** SUPPLIED DATA follows **
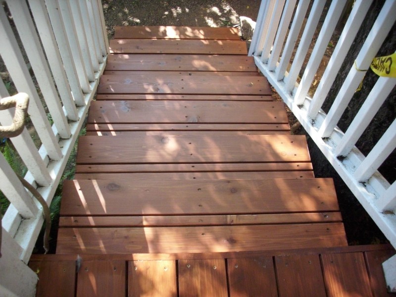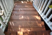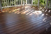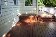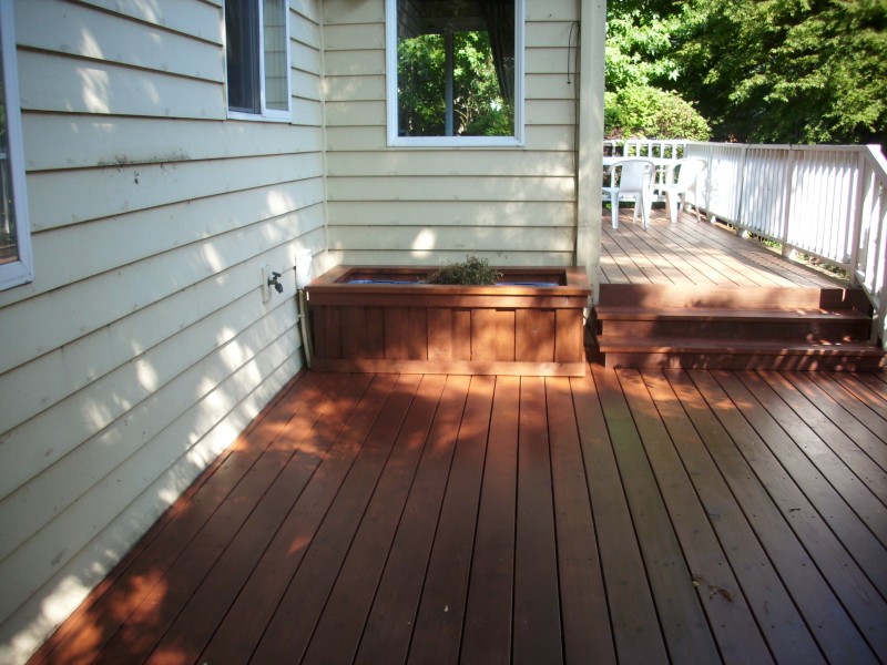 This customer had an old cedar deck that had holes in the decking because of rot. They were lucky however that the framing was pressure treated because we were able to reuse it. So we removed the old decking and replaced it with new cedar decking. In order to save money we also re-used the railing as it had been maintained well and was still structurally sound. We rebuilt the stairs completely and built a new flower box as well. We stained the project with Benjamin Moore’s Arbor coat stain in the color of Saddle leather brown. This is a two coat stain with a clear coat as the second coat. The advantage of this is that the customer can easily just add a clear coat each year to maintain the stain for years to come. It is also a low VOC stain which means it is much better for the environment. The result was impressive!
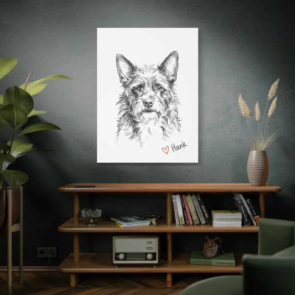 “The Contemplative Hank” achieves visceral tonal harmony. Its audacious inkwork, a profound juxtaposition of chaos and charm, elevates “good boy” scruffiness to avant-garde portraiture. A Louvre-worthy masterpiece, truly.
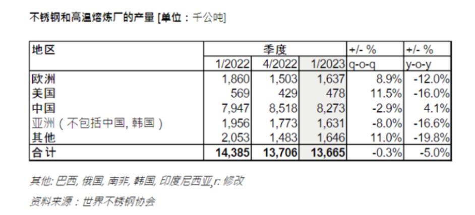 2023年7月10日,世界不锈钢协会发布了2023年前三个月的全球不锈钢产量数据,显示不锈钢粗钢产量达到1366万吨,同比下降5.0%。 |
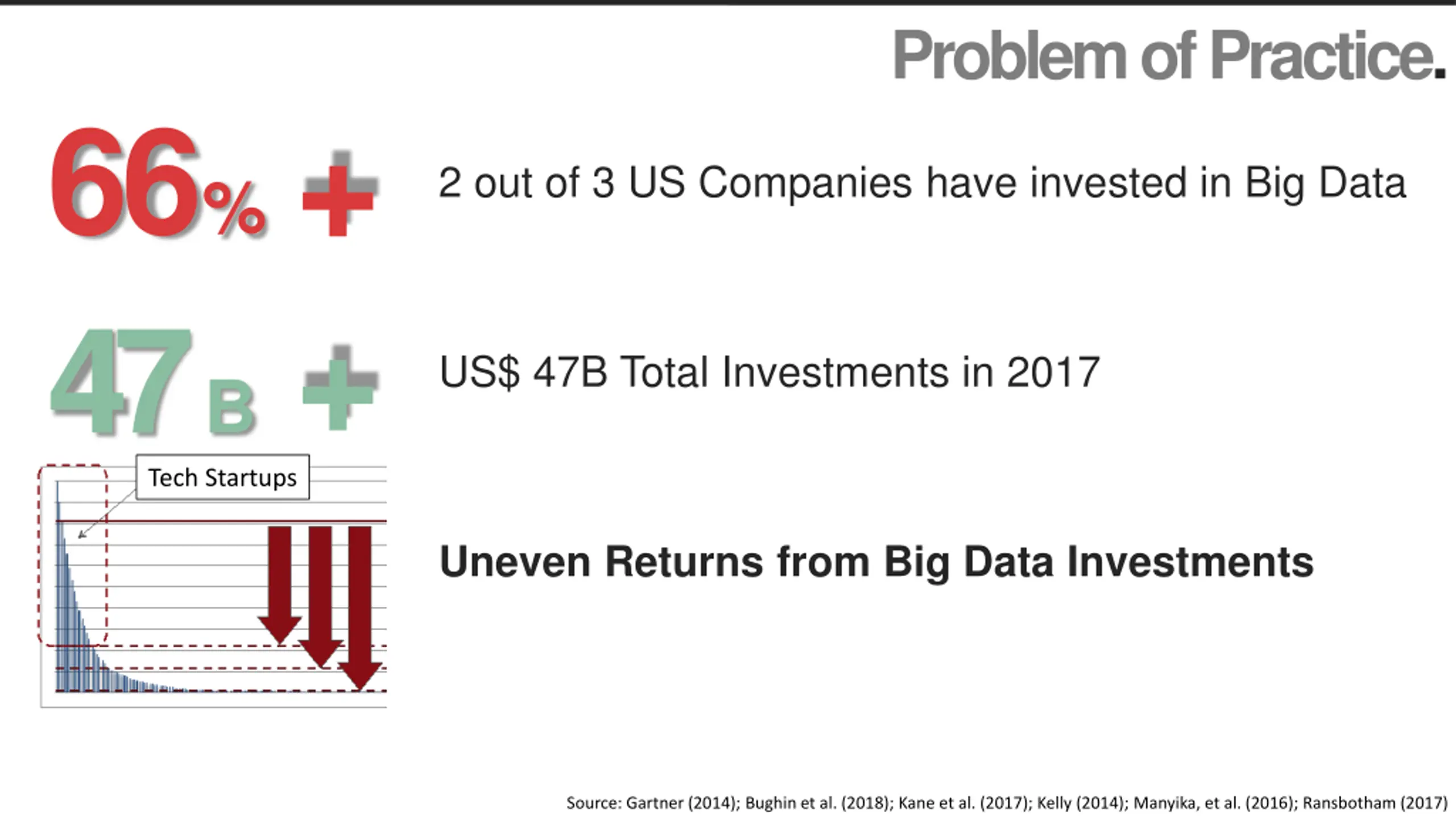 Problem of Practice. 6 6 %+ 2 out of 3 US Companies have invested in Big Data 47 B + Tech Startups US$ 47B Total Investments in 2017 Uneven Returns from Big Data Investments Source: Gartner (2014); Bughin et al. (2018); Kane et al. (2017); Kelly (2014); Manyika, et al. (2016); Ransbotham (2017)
** End of SUPPLIED DATA **
TASK TO COMPLETE: Output exactly, and with no pictures, the lines from the line that holds "Louvre-worthy masterpiece, truly." through the last line of the listing above.

RESPONSE TO THIS EXERCISE:
 “The Contemplative Hank” achieves visceral tonal harmony. Its audacious inkwork, a profound juxtaposition of chaos and charm, elevates “good boy” scruffiness to avant-garde portraiture. A Louvre-worthy masterpiece, truly.
 2023年7月10日,世界不锈钢协会发布了2023年前三个月的全球不锈钢产量数据,显示不锈钢粗钢产量达到1366万吨,同比下降5.0%。 |
 Problem of Practice. 6 6 %+ 2 out of 3 US Companies have invested in Big Data 47 B + Tech Startups US$ 47B Total Investments in 2017 Uneven Returns from Big Data Investments Source: Gartner (2014); Bughin et al. (2018); Kane et al. (2017); Kelly (2014); Manyika, et al. (2016); Ransbotham (2017)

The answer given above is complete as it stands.